My Live Online Lesson: Lessons Learned

In my position as a technology specialist, I often participate in online meetings and webinars. However, I do not often lead online meetings, so this week’s live online lesson was still a bit of a new experience to me. I was very grateful for the opportunity to present to two trusted colleagues, rather than a live audience of strangers, because I still have much to learn before I consider myself an online teaching expert.

First, I found that my attention was often distracted with the unfamiliar controls of the online meeting app that I was using. I use a different online meeting app every week; in just the past month, for example, I have participated in a Google Hangout, an Adobe Connect meeting, a GoToMeeting, and a YouTube Live discussion. Each of these platforms has similar functionality, but the buttons and controls are all slightly different, and located in different places. The important lesson here is that an effective online teacher should select one platform for online trainings, stick with it, and use it often enough that students also become comfortable using it. In my district, we are currently shopping for a paid service to help us manage a series of webinar training programs we will be creating next year. Everyone recognizes the importance of selecting one common training platform; people are busy and do not want to spend a half hour learning a new platform every time they have to attend an online meeting.

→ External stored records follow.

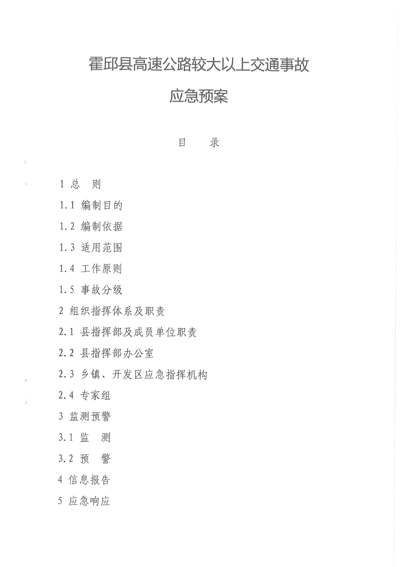 【事故灾难类】霍邱县高速公路较大以上交通事故应急预案
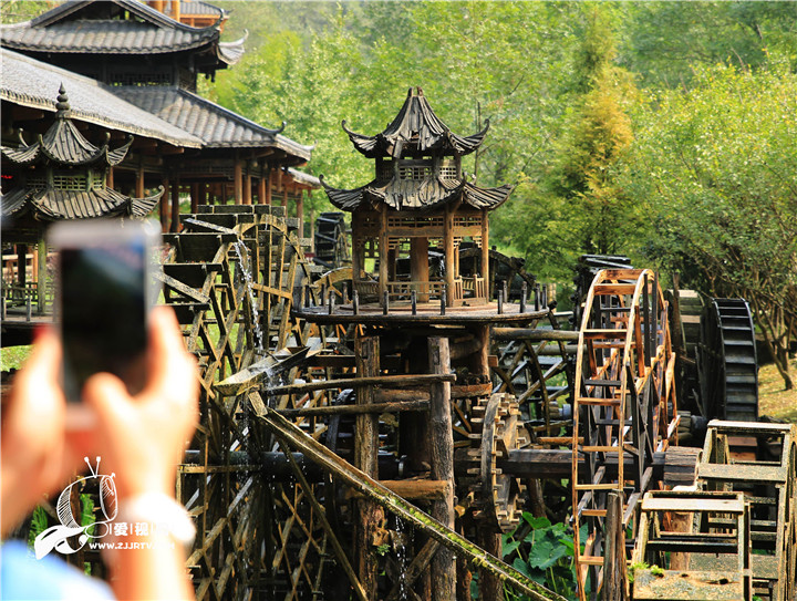 10月5日,一名游人用手机拍摄黄龙洞景区的水车景观
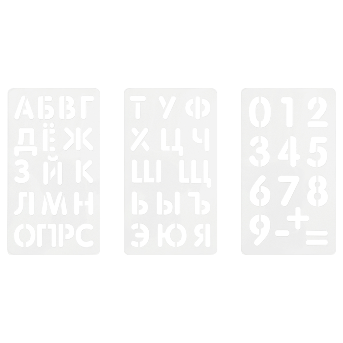 Набор трафаретов состоит из 3 карточек, размером 10*18 см и предназначен для создания надписей, примеров, развития мелкой моторики. Подходят для использования на любых ровных поверхностях.

Second, I should have taken the advice of Greene (2014), who admonished online instructors to speak more slowly than in everyday conversation. I tend to talk quickly, which is quite normal in the fast-paced administrative world, but when teaching students, time must be given for students to internalize what they are hearing, and connect it to whatever concepts are in their working memory. My colleagues were very polite, but I think I may have spoken a little too quickly and tried to squeeze too many concepts into a 10-minute presentation. If I were to ramble on like this for a full hour, many of my students might lose interest and start browsing other web sites on hidden tabs.

Finally, I noticed that my two students responded very positively to the live online quiz game at the end of my lesson. I selected Quizizz as the platform for this assessment because it is commonly used by K-12 teachers in my District, but that doesn’t mean that it can’t be used effectively for adult learners. Everyone likes to have a little entertainment with their assessment, after all; the soft music, colorful interface, and humorous feedback memes helped break the ice. Learning is difficult work, and teachers shouldn’t be afraid to take the occasional opportunity to have a little fun, as long as the focus on learning is not lost. In the case of my Quizizz game, my students completed a four-question quick check in about two minutes, which gave me a rapid insight into which concepts were well understood, and which one was still confusing to my class. This type of formative assessment is crucial  in the online learning environment, of course, because students are not physically present, so it can be difficult to read their facial expressions and other nonverbal cues.